"Next Time Might Be Your Time" [Stream]

New Old Music: "Blue" Gene Tyranny: "Next Time Might Be Your Time" [Stream]

Few gestures are as reliably condescending as a Real Artist copping to pop music. In 2007, of course, this isn't a problem; not touting the aesthetic validity of, say, r&b is as gauche as it might've been 15 years ago to even consider it anything more than cheap vaudeville (before cultural studies programs enshrined cheap vaudeville). David Byrne talked doe-eyed about how neat Texas was; "Blue" Gene Tyranny actually lived there.

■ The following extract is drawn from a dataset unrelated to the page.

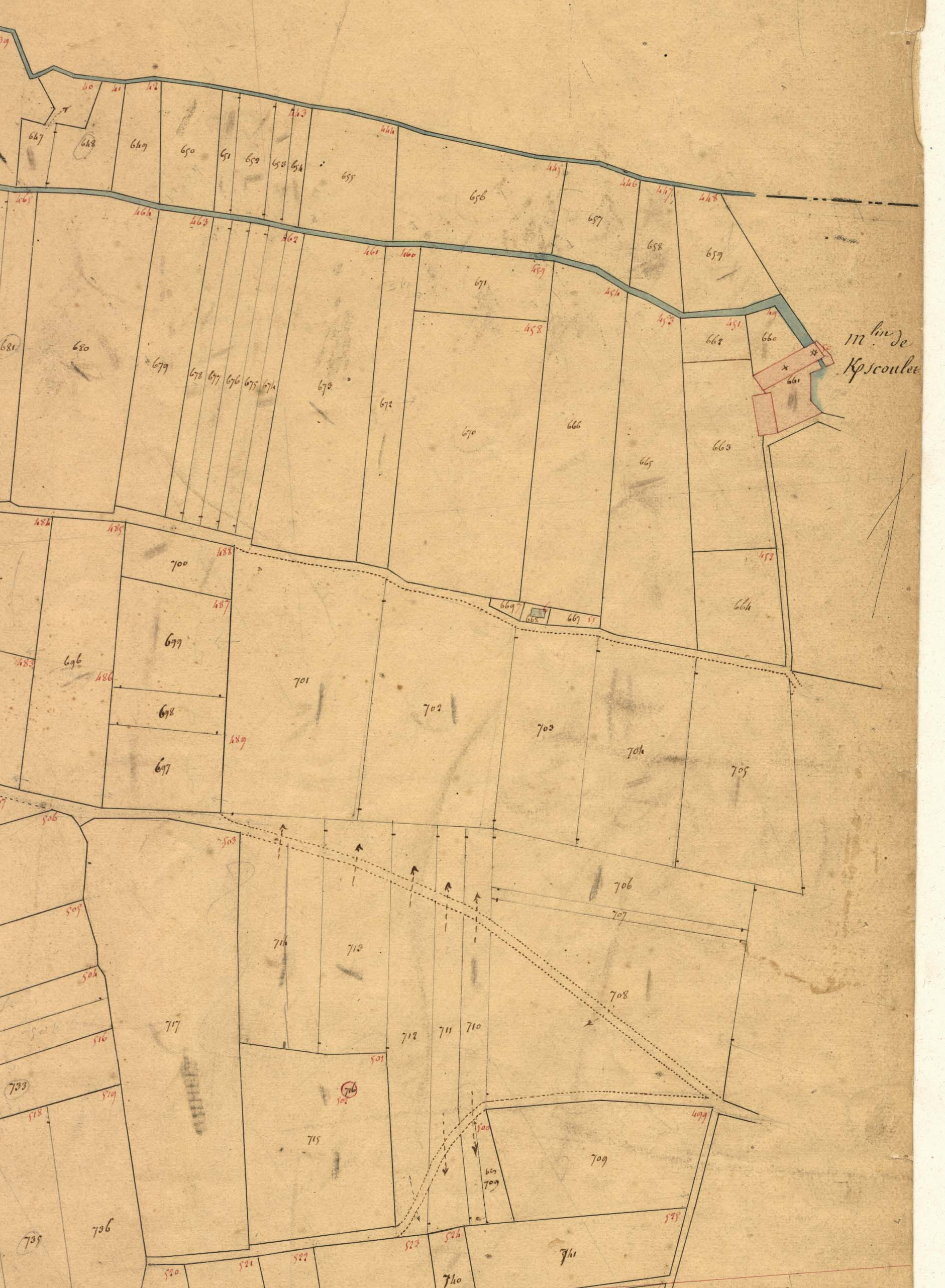 Moulins à eau et à vent de Kerscoulet, cadastre ancien de la commune de Primelin, 1837.Immatriculation
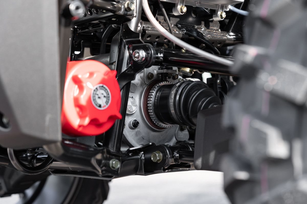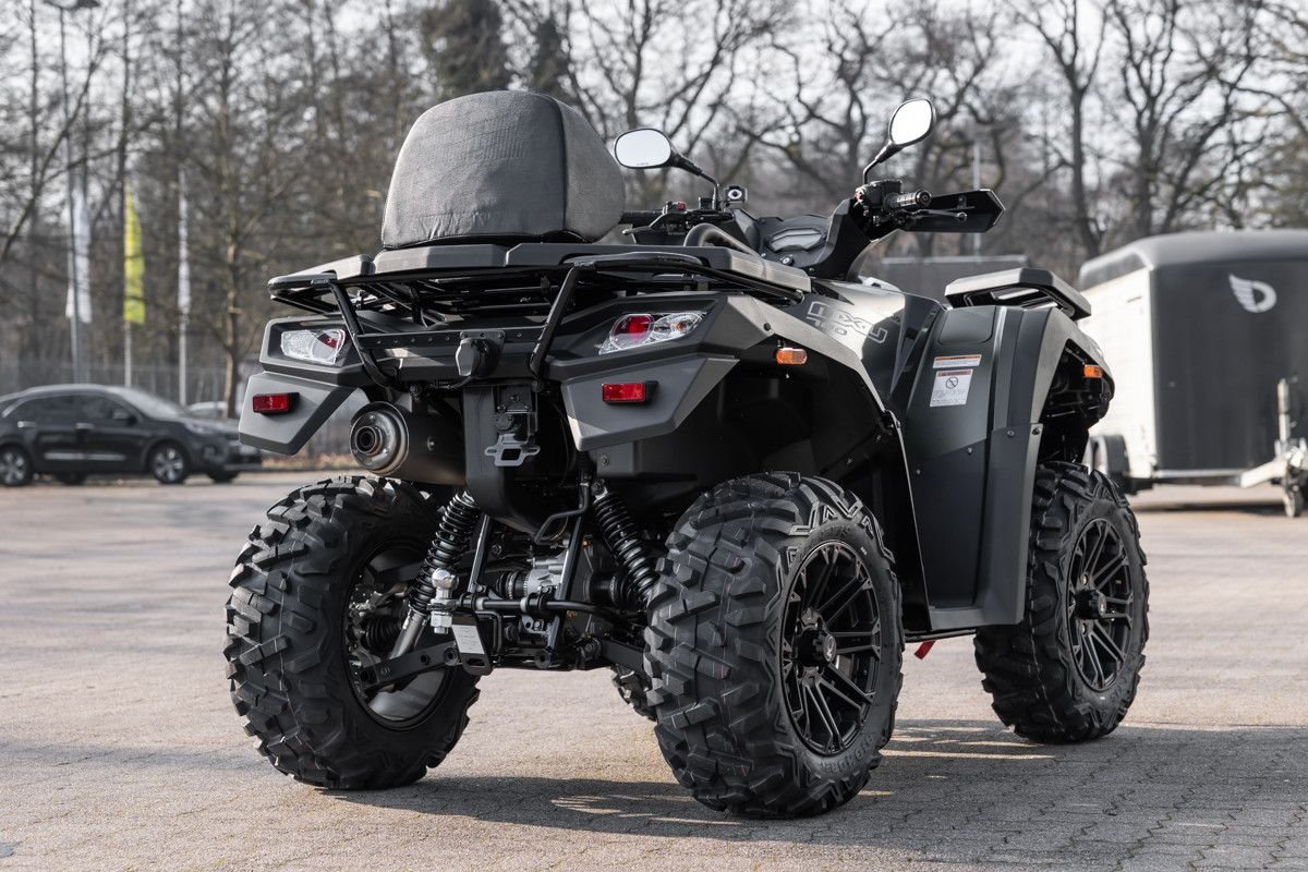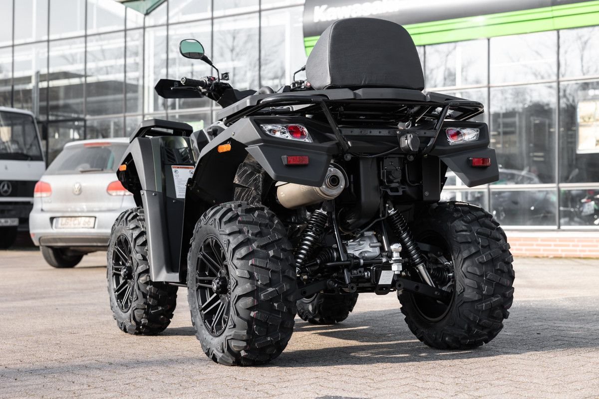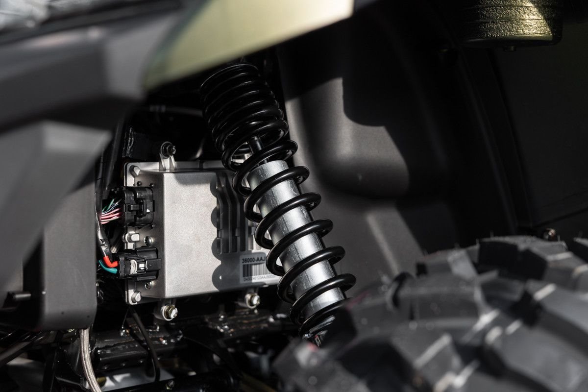 Zur Vollausstattung gehören zum Beispiel eine elektronische Lenkunterstützung, die geschwindigkeitsabhängig reagiert, eine kräftige Seilwinde, stufenlose Variomatik, zuschaltbarer Allradantrieb und Differenzialsperre vorne, Untersetzungsgetriebe, Bergabfahrhilfe, Anhängerkupplung, zentrales LCD-Cockpit und sportliche Doppelspeichen-Felgen mit Maxxis Bighorn Reifen.

Out of the Blue, originally from 1977 and reissued this year, never looks down its nose at pop, which actually makes it hilarious and revelatory-- Tyranny sounds like a foreign traveler who, not knowing the language properly, manages to do things with grammar and syntax a native speaker couldn't. The album's "The Next Time Might Be Your Time"-- I will spare the b.s. about how it could be a single from another planet, etc.-- is an orgy of weird ideas about what can and can't belong: a mix of light country swing, Eno-esque guitars, and peepshow sax; aloof stoner chatter like "What would the world be like when we see each other clear of all circumstance?" crammed into verse structure like bulbous taxidermy; and a long outro where everything speeds up, swirling into a twilight of poppin' bassoons and reggae stick guitar. Some might call it "proggy" until they realize, hell, it's just a tic leftover from Phil Spector's audio soap operas, remembering a time when feelings were Basic, Plenty, and Important, but not necessarily ground down to a formula or held with tongs.